DATA EXCERPT Block Start

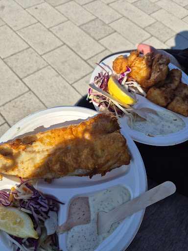 Ein Mal und nie wieder! Der Verkäufer war richtig mies gelaunt. Als wir bestellten und dies für ihn scheinbar nicht „schnell genug“ ging, reagierte er äußerst genervt. Er selbst ließ sich bei seiner „Arbeit“ allerdings alle Zeit der Welt…. Außer uns war kein Kunde da (kaum verwunderlich im Nachhinein) und dennoch warteten wir knapp eine viertel Stunde auf 3 kleine in Ketchup schwimmende Portionen Pommes und 2 aufgewärmte, ölig und viel zu fett panierte Schollenfilets. Aus den Schollenfilets, die wir eigentlich ohne(!) „Extras“ bestellt haben, wurden letztlich Schollenfilets mit(!) Extras, welche uns der junge Mann - passend zum Essen - pampig auf den Tresen pfefferte. Auf unsere Irritation darüber und dass aus dem ohnehin überteuerten Essen plötzlich stolze 30€ zustande kamen, erwiderte er, ob wir zu blöd wären die Karte zu lesen…. (Kunden-)Freundlichkeit scheint für diese Person ein absolutes Fremdwort zu sein. Von dem Fraß, den man für viel zu teures Geld „serviert“ bekommt, ganz zu schweigen. Jemand wie er sollte besser einen Job ausüben, bei dem soziale Inkompetenz keine Rolle spielt….
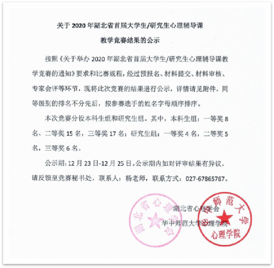 (通讯员:严磊)近日,2020年湖北省心理辅导教学竞赛专家评审传来喜讯,我院心理学系郑雪艳副教授、朱晓伟副教授和甘雄博士指导的3位参赛学生获奖,其中,二等奖两项、三等奖1项。
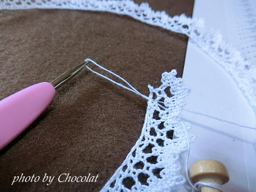 丸い布地に縫い付ければ 小さなドイリーになりますね

DATA EXCERPT Block End

* TRY IT *
Repeat the data exactly. No pictures should appear.

* ANSWER FOR THE TASK *
 Ein Mal und nie wieder! Der Verkäufer war richtig mies gelaunt. Als wir bestellten und dies für ihn scheinbar nicht „schnell genug“ ging, reagierte er äußerst genervt. Er selbst ließ sich bei seiner „Arbeit“ allerdings alle Zeit der Welt…. Außer uns war kein Kunde da (kaum verwunderlich im Nachhinein) und dennoch warteten wir knapp eine viertel Stunde auf 3 kleine in Ketchup schwimmende Portionen Pommes und 2 aufgewärmte, ölig und viel zu fett panierte Schollenfilets. Aus den Schollenfilets, die wir eigentlich ohne(!) „Extras“ bestellt haben, wurden letztlich Schollenfilets mit(!) Extras, welche uns der junge Mann - passend zum Essen - pampig auf den Tresen pfefferte. Auf unsere Irritation darüber und dass aus dem ohnehin überteuerten Essen plötzlich stolze 30€ zustande kamen, erwiderte er, ob wir zu blöd wären die Karte zu lesen…. (Kunden-)Freundlichkeit scheint für diese Person ein absolutes Fremdwort zu sein. Von dem Fraß, den man für viel zu teures Geld „serviert“ bekommt, ganz zu schweigen. Jemand wie er sollte besser einen Job ausüben, bei dem soziale Inkompetenz keine Rolle spielt….
 (通讯员:严磊)近日,2020年湖北省心理辅导教学竞赛专家评审传来喜讯,我院心理学系郑雪艳副教授、朱晓伟副教授和甘雄博士指导的3位参赛学生获奖,其中,二等奖两项、三等奖1项。
 丸い布地に縫い付ければ 小さなドイリーになりますね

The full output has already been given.